### WHAT IS BEING ASKED
Which lines run from the line with "1)東立面安裝組件2塊,首年估算可發(fā)電520度" through the line with "riz vinaigré 66%" in the entries below? Print them exactly, both ends included, and nothing more.

### INFORMATION
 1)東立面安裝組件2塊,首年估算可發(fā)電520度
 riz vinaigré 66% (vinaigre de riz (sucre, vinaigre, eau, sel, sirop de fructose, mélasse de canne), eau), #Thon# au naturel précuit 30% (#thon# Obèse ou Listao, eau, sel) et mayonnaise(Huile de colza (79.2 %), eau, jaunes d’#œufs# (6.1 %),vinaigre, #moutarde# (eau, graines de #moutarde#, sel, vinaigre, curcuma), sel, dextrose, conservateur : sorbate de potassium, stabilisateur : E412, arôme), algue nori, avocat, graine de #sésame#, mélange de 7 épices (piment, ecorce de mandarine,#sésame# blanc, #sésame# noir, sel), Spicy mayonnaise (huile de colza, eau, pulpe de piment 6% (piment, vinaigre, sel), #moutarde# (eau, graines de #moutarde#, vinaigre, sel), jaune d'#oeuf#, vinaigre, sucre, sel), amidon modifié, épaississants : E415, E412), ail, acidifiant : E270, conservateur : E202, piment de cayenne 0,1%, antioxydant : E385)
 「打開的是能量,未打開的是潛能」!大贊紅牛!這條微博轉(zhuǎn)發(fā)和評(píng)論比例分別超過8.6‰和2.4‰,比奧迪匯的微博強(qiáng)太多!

---

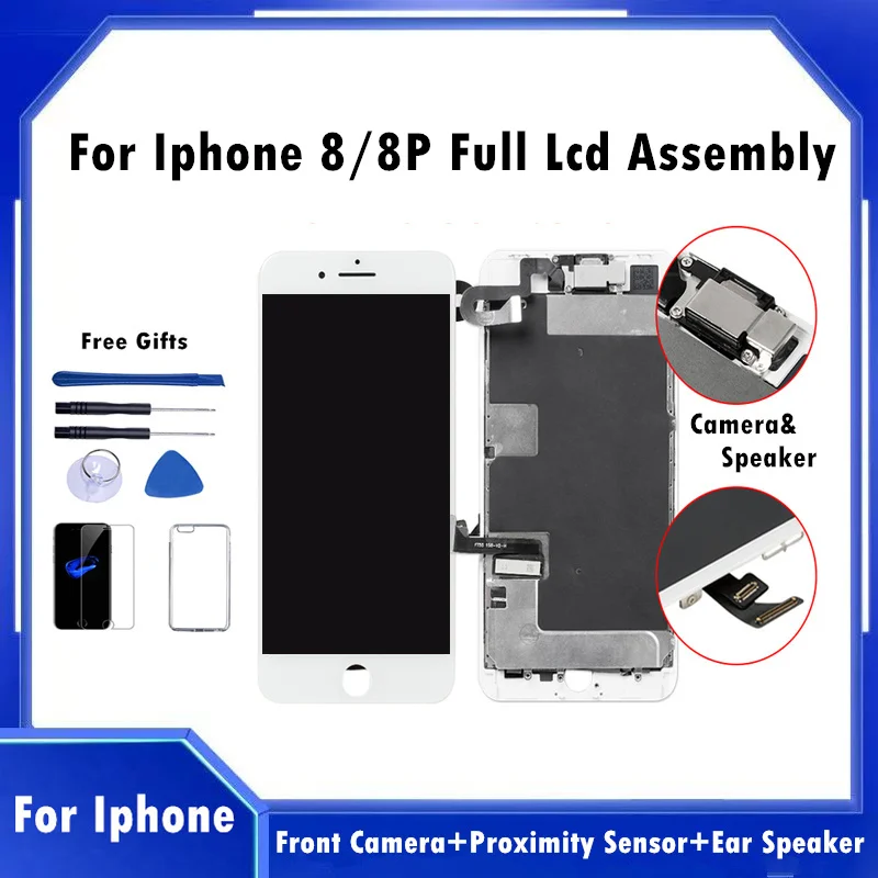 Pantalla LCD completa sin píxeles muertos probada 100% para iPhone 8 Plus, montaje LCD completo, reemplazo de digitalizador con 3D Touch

* * *

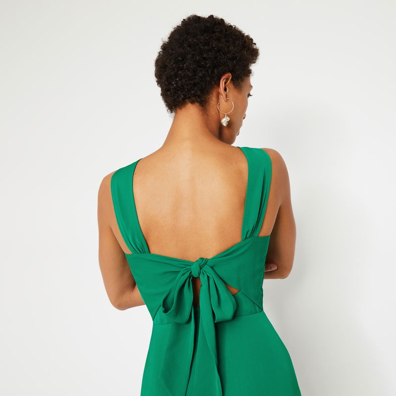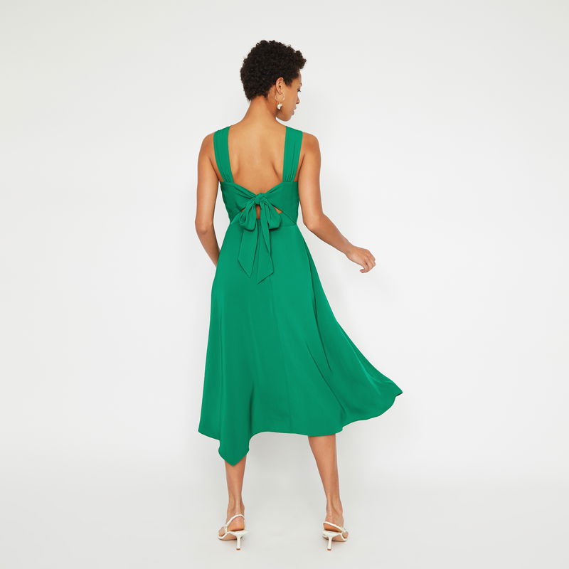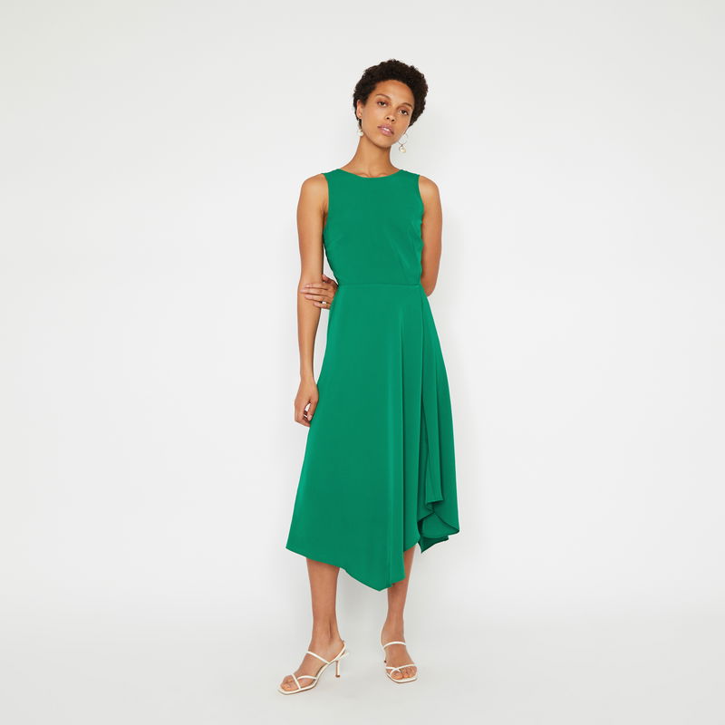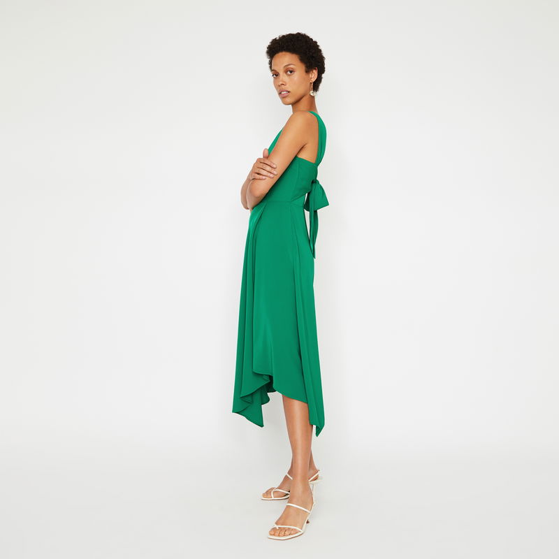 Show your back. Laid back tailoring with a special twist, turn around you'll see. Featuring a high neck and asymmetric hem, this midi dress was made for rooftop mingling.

### YOUR RESPONSE
 1)東立面安裝組件2塊,首年估算可發(fā)電520度
 riz vinaigré 66% (vinaigre de riz (sucre, vinaigre, eau, sel, sirop de fructose, mélasse de canne), eau), #Thon# au naturel précuit 30% (#thon# Obèse ou Listao, eau, sel) et mayonnaise(Huile de colza (79.2 %), eau, jaunes d’#œufs# (6.1 %),vinaigre, #moutarde# (eau, graines de #moutarde#, sel, vinaigre, curcuma), sel, dextrose, conservateur : sorbate de potassium, stabilisateur : E412, arôme), algue nori, avocat, graine de #sésame#, mélange de 7 épices (piment, ecorce de mandarine,#sésame# blanc, #sésame# noir, sel), Spicy mayonnaise (huile de colza, eau, pulpe de piment 6% (piment, vinaigre, sel), #moutarde# (eau, graines de #moutarde#, vinaigre, sel), jaune d'#oeuf#, vinaigre, sucre, sel), amidon modifié, épaississants : E415, E412), ail, acidifiant : E270, conservateur : E202, piment de cayenne 0,1%, antioxydant : E385)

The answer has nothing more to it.